Nothing outside the range is to be copied. From the entries below, reproduce exactly the lines starting at the one with "تعميم من وزارة" and ending at the one with "(PX 일부 가능) |", without pictures.

▸ **Data**:

»»

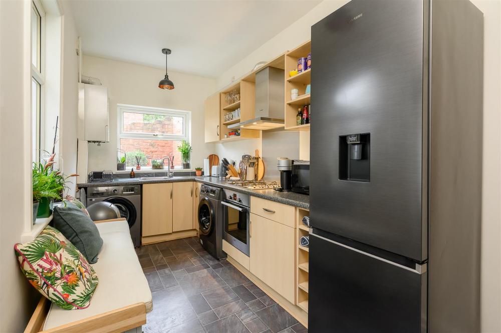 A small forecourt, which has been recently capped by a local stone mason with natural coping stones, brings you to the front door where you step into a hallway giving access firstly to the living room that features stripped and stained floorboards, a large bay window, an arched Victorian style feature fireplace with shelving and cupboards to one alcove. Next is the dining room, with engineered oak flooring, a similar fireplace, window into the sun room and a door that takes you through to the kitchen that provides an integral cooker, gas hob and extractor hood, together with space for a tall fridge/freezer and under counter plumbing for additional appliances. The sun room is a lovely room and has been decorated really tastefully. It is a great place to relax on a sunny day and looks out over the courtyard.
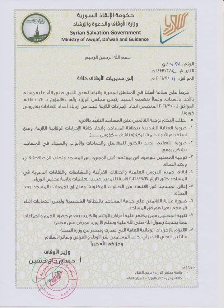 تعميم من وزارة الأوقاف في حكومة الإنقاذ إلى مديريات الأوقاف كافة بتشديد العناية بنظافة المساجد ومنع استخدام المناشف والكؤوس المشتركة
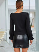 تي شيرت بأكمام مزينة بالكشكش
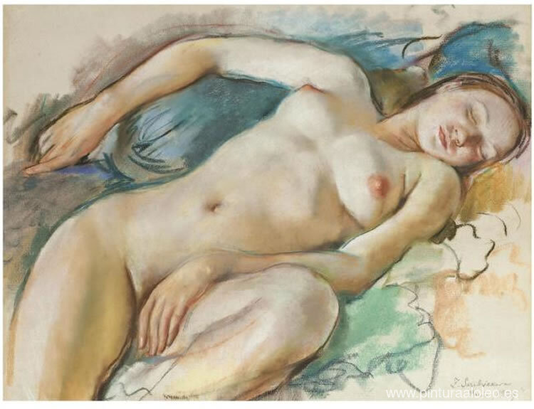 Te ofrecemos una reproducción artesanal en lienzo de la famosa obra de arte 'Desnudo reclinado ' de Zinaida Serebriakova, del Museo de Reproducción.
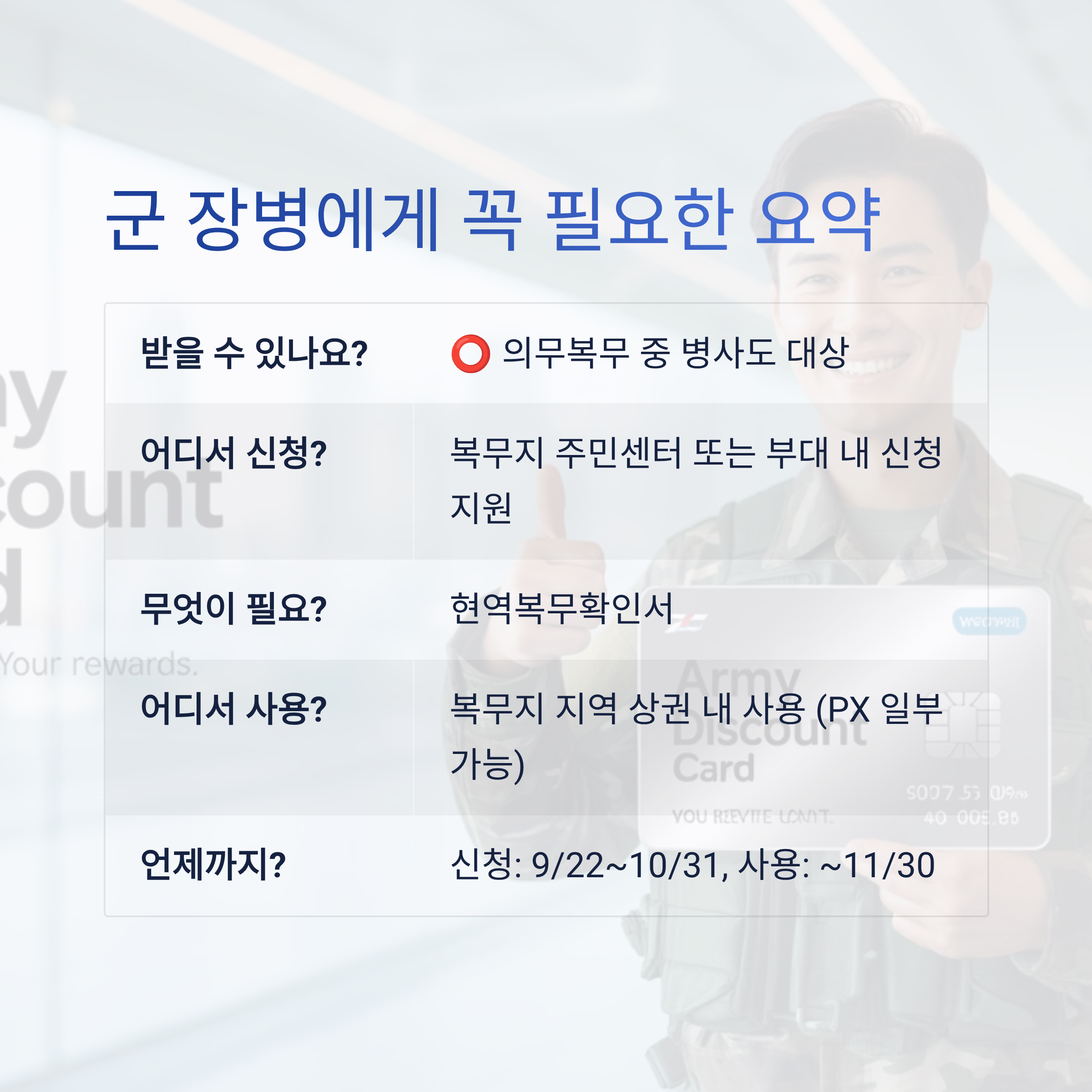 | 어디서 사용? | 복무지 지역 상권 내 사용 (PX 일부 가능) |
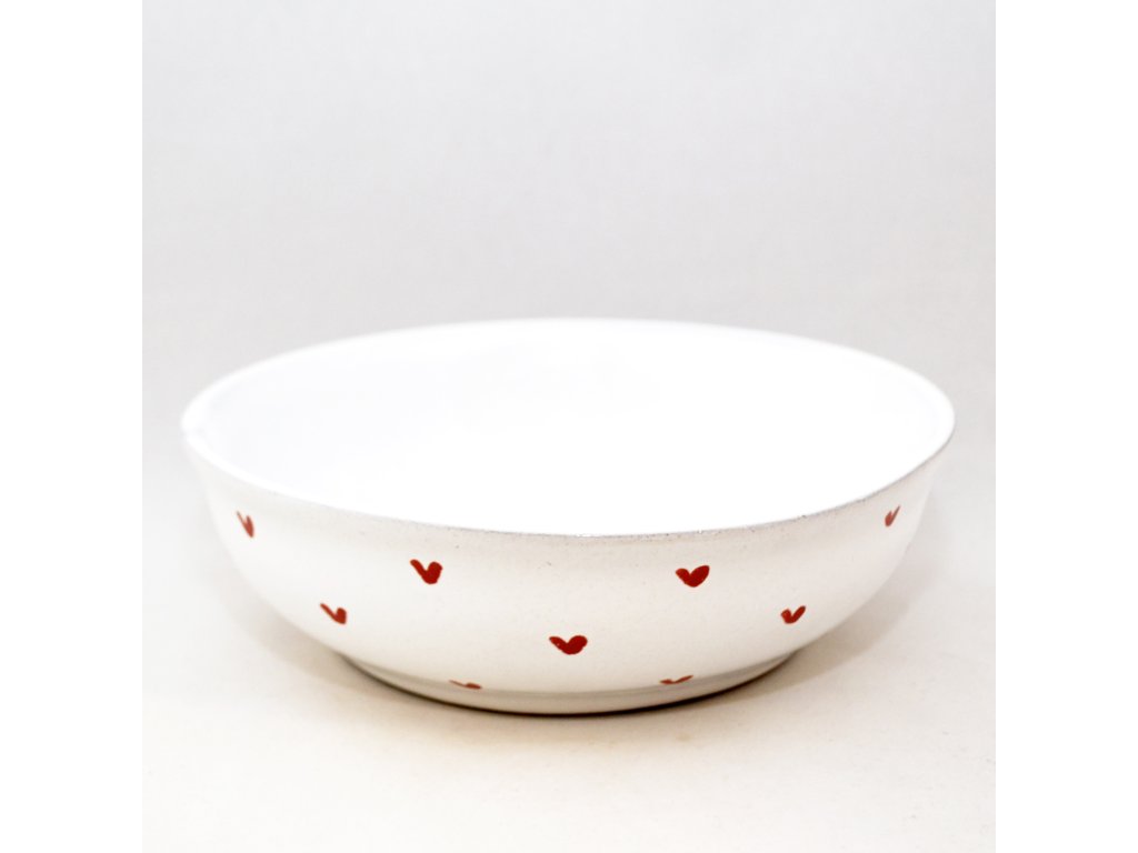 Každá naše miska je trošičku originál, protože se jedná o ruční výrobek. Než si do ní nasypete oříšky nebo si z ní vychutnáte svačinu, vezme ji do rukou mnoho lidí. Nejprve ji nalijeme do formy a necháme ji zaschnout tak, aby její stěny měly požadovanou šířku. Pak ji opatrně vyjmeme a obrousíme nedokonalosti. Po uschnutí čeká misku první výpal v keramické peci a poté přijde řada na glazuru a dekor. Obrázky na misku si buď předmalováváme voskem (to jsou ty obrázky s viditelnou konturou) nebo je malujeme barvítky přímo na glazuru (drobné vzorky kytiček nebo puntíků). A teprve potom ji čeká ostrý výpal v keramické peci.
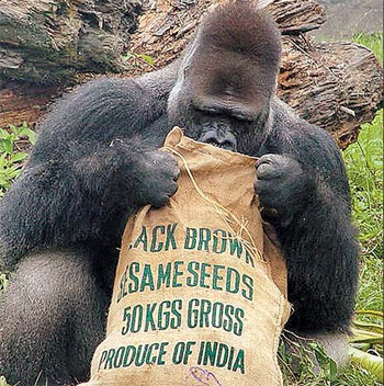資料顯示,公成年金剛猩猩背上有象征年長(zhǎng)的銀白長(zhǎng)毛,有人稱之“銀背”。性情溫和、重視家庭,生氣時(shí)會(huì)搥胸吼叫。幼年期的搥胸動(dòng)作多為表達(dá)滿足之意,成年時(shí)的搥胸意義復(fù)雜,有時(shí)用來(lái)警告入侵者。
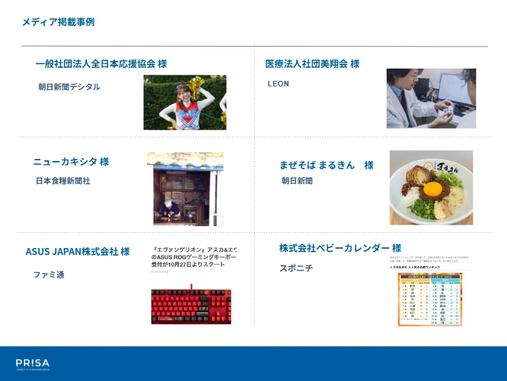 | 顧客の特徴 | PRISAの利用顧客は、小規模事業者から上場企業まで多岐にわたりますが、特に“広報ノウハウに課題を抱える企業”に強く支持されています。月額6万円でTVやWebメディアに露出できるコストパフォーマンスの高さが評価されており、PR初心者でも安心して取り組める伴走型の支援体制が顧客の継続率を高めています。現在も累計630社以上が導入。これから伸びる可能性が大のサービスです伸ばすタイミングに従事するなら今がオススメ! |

««
»»

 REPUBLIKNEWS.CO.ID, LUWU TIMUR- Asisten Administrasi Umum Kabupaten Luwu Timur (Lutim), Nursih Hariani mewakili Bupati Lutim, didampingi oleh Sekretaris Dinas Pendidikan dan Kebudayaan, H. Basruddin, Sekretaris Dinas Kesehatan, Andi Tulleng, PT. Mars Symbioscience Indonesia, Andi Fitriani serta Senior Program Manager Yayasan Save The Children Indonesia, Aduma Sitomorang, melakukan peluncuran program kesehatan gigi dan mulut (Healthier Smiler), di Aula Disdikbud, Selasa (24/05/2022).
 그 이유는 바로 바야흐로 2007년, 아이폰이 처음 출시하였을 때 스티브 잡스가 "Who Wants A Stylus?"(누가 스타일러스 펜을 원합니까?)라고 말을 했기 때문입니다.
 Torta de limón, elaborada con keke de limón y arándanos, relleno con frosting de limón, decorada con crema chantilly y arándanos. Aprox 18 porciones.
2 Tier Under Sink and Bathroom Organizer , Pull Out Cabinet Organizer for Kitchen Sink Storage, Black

««

▸ **Solution below**:
 تعميم من وزارة الأوقاف في حكومة الإنقاذ إلى مديريات الأوقاف كافة بتشديد العناية بنظافة المساجد ومنع استخدام المناشف والكؤوس المشتركة
 تي شيرت بأكمام مزينة بالكشكش
 Te ofrecemos una reproducción artesanal en lienzo de la famosa obra de arte 'Desnudo reclinado ' de Zinaida Serebriakova, del Museo de Reproducción.
 | 어디서 사용? | 복무지 지역 상권 내 사용 (PX 일부 가능) |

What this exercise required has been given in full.